Recall:
- A Higher-order linear differential equation with constant coefficients of the standard form $y^{(n)} +a_1y^{(n-1)}+ \dots a_{(n-1)} y^{(1)}=0$ is called a homogeneous equation, where $a_1,a_2, \dots, a_{(n-1)} \in \mathbb{R}$ are constants.
- A Higher-order linear differential equation with constant coefficients of the standard form $y^{(n)} +a_1y^{(n-1)}+ \dots a_{(n-1)} y^{(1)}=g(t)$ is called a non-homogeneous equation, where $a_1,a_2, \dots, a_{(n-1)} \in \mathbb{R}$ constants, and $g(t)$ is a function of $t$.

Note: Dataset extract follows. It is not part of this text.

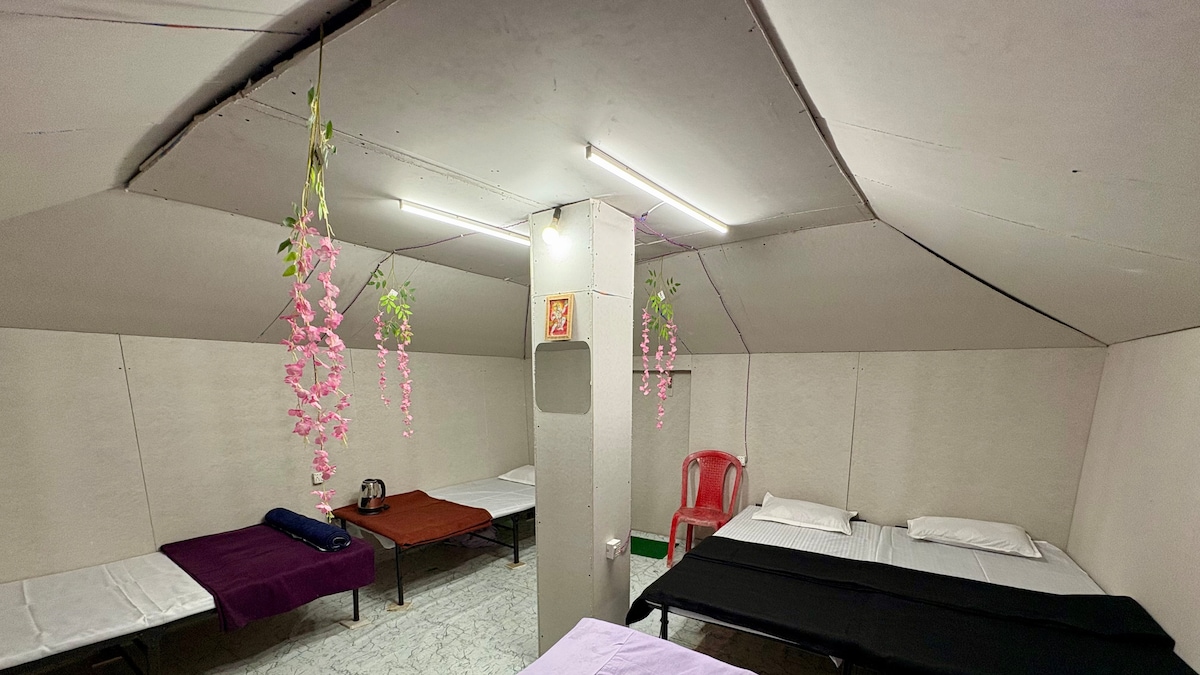Triveni Awas ofrece una estancia serena y lujosa, a solo 300 metros del divino Triveni Sangam y a 50 metros de Sangam Snan Ghat. Empápate del ambiente espiritual mientras disfrutas de las comodidades modernas. Nuestra tienda de campaña bellamente diseñada combina la naturaleza con la elegancia, lo que garantiza una experiencia inolvidable por la confluencia sagrada de Ganga, Yamuna y Saraswati. “! ! ! ! ! ! ! ! ! ! ! ! ¡Descubre la tranquilidad y el patrimonio en Triveni Awas!

So far, we have covered the solutions of homogeneous equations. This is significant, as we also make use of the solutions of the homogeneous form of a non-homogeneous equation while solving.
Consider a non-homogeneous equation given by
$$ y^{(n)} +a_1y^{(n-1)}+ \dots a_{(n-1)} y^{(1)}=g(t). $$
Let the homogeneous solution of the equation be $y_h$ and the particular solution be $y_p$. We say that the general solution of the equation is given by
$$ y=y(t)=y_h+y_p. $$
Here, it is important to underline the existence of a particular solution. A particular solution represents a solution that inherently satisfies the equation when we plug $y=y_p$. The reason for its existence is basically the term $g(t)$.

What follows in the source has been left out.